__Data shown__
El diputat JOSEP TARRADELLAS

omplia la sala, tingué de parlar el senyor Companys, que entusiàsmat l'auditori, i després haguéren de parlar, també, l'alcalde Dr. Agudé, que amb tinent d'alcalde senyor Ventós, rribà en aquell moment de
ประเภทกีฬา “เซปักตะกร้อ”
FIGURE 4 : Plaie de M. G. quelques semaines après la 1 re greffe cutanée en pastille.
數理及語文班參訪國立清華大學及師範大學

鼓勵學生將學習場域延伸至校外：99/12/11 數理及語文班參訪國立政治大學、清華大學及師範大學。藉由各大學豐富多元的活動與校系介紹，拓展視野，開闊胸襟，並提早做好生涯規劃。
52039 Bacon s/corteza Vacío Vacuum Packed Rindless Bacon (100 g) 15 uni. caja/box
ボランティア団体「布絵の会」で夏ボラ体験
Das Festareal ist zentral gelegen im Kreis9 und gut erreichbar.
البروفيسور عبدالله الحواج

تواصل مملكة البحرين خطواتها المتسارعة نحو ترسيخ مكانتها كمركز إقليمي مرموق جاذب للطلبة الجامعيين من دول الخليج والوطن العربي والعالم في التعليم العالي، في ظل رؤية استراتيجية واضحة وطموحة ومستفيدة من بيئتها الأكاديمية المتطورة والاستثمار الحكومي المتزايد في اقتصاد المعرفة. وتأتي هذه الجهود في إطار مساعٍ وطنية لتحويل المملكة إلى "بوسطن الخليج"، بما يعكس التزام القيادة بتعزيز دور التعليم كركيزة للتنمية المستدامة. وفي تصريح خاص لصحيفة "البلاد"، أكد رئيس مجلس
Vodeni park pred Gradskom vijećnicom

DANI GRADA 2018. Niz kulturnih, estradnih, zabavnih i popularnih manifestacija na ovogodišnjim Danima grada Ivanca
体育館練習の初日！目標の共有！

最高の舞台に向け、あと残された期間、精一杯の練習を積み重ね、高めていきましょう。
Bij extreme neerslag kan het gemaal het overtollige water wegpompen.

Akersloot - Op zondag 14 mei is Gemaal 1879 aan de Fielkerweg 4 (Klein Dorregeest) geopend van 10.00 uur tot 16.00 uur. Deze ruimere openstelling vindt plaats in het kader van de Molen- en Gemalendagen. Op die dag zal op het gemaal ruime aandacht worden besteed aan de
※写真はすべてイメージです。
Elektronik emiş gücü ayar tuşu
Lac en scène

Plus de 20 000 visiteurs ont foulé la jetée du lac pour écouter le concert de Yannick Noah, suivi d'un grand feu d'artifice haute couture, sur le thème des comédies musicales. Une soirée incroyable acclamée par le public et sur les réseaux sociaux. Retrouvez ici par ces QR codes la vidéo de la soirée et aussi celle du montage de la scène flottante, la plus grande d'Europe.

__Work order__
The answer must hold only the lines from the first line of the data through the line bearing "Bij extreme neerslag", returned exactly.

__Solution__
El diputat JOSEP TARRADELLAS

omplia la sala, tingué de parlar el senyor Companys, que entusiàsmat l'auditori, i després haguéren de parlar, també, l'alcalde Dr. Agudé, que amb tinent d'alcalde senyor Ventós, rribà en aquell moment de
ประเภทกีฬา “เซปักตะกร้อ”
FIGURE 4 : Plaie de M. G. quelques semaines après la 1 re greffe cutanée en pastille.
數理及語文班參訪國立清華大學及師範大學

鼓勵學生將學習場域延伸至校外：99/12/11 數理及語文班參訪國立政治大學、清華大學及師範大學。藉由各大學豐富多元的活動與校系介紹，拓展視野，開闊胸襟，並提早做好生涯規劃。
52039 Bacon s/corteza Vacío Vacuum Packed Rindless Bacon (100 g) 15 uni. caja/box
ボランティア団体「布絵の会」で夏ボラ体験
Das Festareal ist zentral gelegen im Kreis9 und gut erreichbar.
البروفيسور عبدالله الحواج

تواصل مملكة البحرين خطواتها المتسارعة نحو ترسيخ مكانتها كمركز إقليمي مرموق جاذب للطلبة الجامعيين من دول الخليج والوطن العربي والعالم في التعليم العالي، في ظل رؤية استراتيجية واضحة وطموحة ومستفيدة من بيئتها الأكاديمية المتطورة والاستثمار الحكومي المتزايد في اقتصاد المعرفة. وتأتي هذه الجهود في إطار مساعٍ وطنية لتحويل المملكة إلى "بوسطن الخليج"، بما يعكس التزام القيادة بتعزيز دور التعليم كركيزة للتنمية المستدامة. وفي تصريح خاص لصحيفة "البلاد"، أكد رئيس مجلس
Vodeni park pred Gradskom vijećnicom

DANI GRADA 2018. Niz kulturnih, estradnih, zabavnih i popularnih manifestacija na ovogodišnjim Danima grada Ivanca
体育館練習の初日！目標の共有！

最高の舞台に向け、あと残された期間、精一杯の練習を積み重ね、高めていきましょう。
Bij extreme neerslag kan het gemaal het overtollige water wegpompen.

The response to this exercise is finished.